Es todo muy raro. Desde hace algunas
semanas mis gustos y aficiones están cambiando de manera precipitada. Mi
interés por el ajedrez ha decaído y no me apetece escuchar a Keith Jarrett, a
quien adoro –o adoraba-. Sin embargo, me sorprendo deteniéndome frente a
tiendas de mascotas, a las que siempre he ignorado, y en las librerías, una
fuerza interior me empuja a ojear libros de viajes por Asia y lugares exóticos,
en vez de las novelas americanas que ahora me seducen con impulso decreciente.
Estoy realmente confuso. En las
últimas semanas me ha dado por vestirme y peinarme de manera distinta, por
cambiar de lugar los objetos de mi casa: el sofá, la mesa y un par de cuadros a
los que cada vez encuentro menos sugerentes. Me apetece comer más vegetariano,
y desayuno té en vez de café. El vino me da ahora dolor de cabeza, y, para mi asombro,
empieza a interesarme la tónica y la fanta de limón. Sufro menos cuando pierde
el Madrid y me está dando por escuchar M80. Es de locos.
Hace unos días, un joven me abordó
por la calle y se me puso a hablar como si me conociera desde la infancia. Nunca
antes lo había visto y no comprendí ni una palabra de lo que me decía, pero él
no dejó de contarme su vida –y un poco la mía- con absoluta complicidad. Hasta
me palmeó el hombro mientras se refería al lugar en que me compré mi abrigo, un
día que –según explicó- íbamos juntos camino de la casa de una tal Guadalupe.
No acertó en nada –creo yo-. Pero me limité a asentir a todo –por educación- y
al poco rato se despidió: “hasta otra, Arturo”, me dijo. Pero yo no me llamo
así.
Mi vida ha pasado a ser una obra
surrealista. Mis ambiciones cambiaron, y no sé cómo ni por qué. Busco otras
cosas. Mi trabajo me aburre y mis proyectos son nuevos. Mis sueños están
viviendo una revolución. Me refiero ya a los sueños de soñar, no a los de
dormir.
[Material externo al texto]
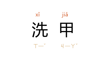 引《宋史·乐志十六》:“覆盂连瀚海,洗甲挽天河。”清 陆以湉 《冷庐杂识·疏表杰作》:“波澄海国,看王师洗甲而还。”《花月痕》第四八回:“剑秋、小岑 原是鋭意洗甲 长江,无奈 金陵 气数未尽,却钻出五个妖妇来。”
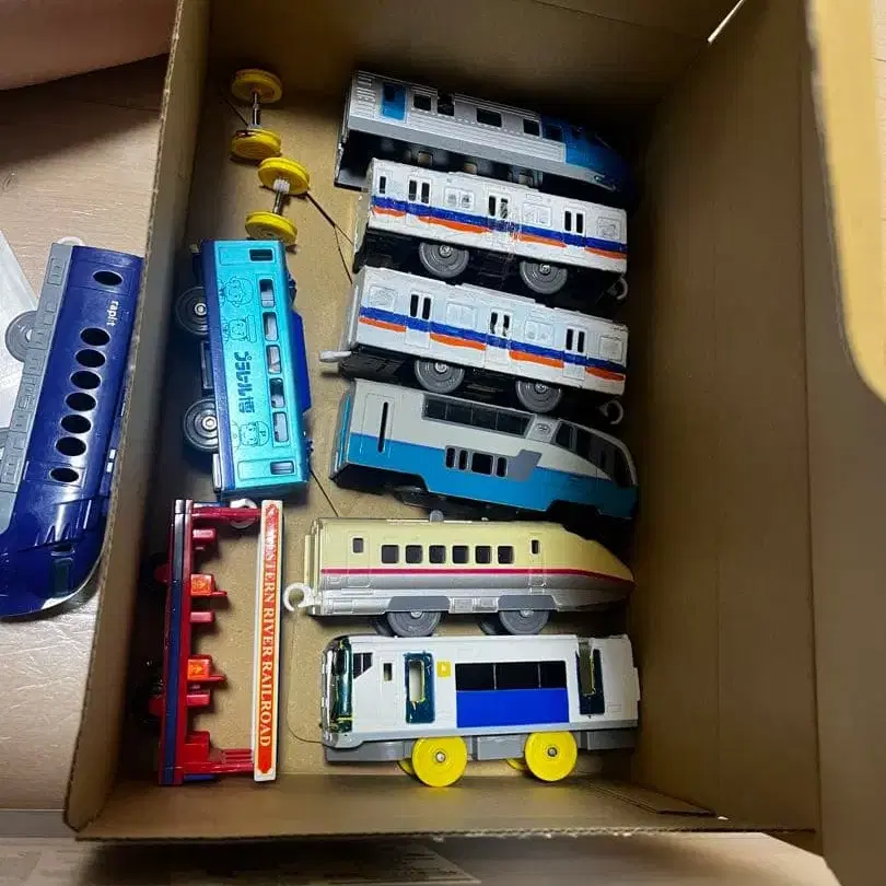 다양한 색상과 디자인의 프라레일 차량 세트.

Estoy viviendo un proceso de transformación hacia otra persona de la
que apenas sé nada. Pero siento que si me opongo, estaría traicionando un plan trazado
que ya es imposible alterar.
Hoy por la mañana me sonó el móvil.
¡Arturo! – me dijo una voz. No sabía quién era pero, por alguna razón, su tono
me resultaba cercano. Me preguntó si se mantenía en pié lo de ir la fiesta de
esta noche. Lo pasaremos bien, ¿quedamos donde siempre?- me preguntó. Bueno... no
sé... donde siempre no me viene bien –improvisé-... mejor quedemos en la Puerta del Reloj, junto al
metro –me lancé a sugerir a riesgo de decir un disparate-. La voz del otro lado
del teléfono estalló en risas: ¡claro! ¡donde siempre entonces!. ¿A las ocho,
ok?. Sí, a las ocho nos vemos.
Estoy preparándome para la fiesta (una
fiesta), pero no sé qué fiesta. Estoy frente al espejo. Me miro atentamente.
Soy yo, creo. Aunque me veo distinto. Tal vez sea el pelo, o la barba
incipiente que no me animo a quitarme desde hace días por sentirla cada vez más
propia. He dicho varias veces mi nombre en alto. Mi nombre. Soy yo. Pero en
realidad el nombre de Arturo no me suena menos familiar. Me pregunto si a estas
alturas seguiré teniendo el mismo apellido.
No me importa empezar una nueva
vida. No tiene porqué ser peor que la actual, la original –de la que cada vez me
siento más lejos-. Probemos. Lo que nunca imaginé es que todo empezaría por los
sueños. Me refiero ahora a los sueños que se tienen cuando se está durmiendo, no
a los sueños que se tienen cuando se está soñando.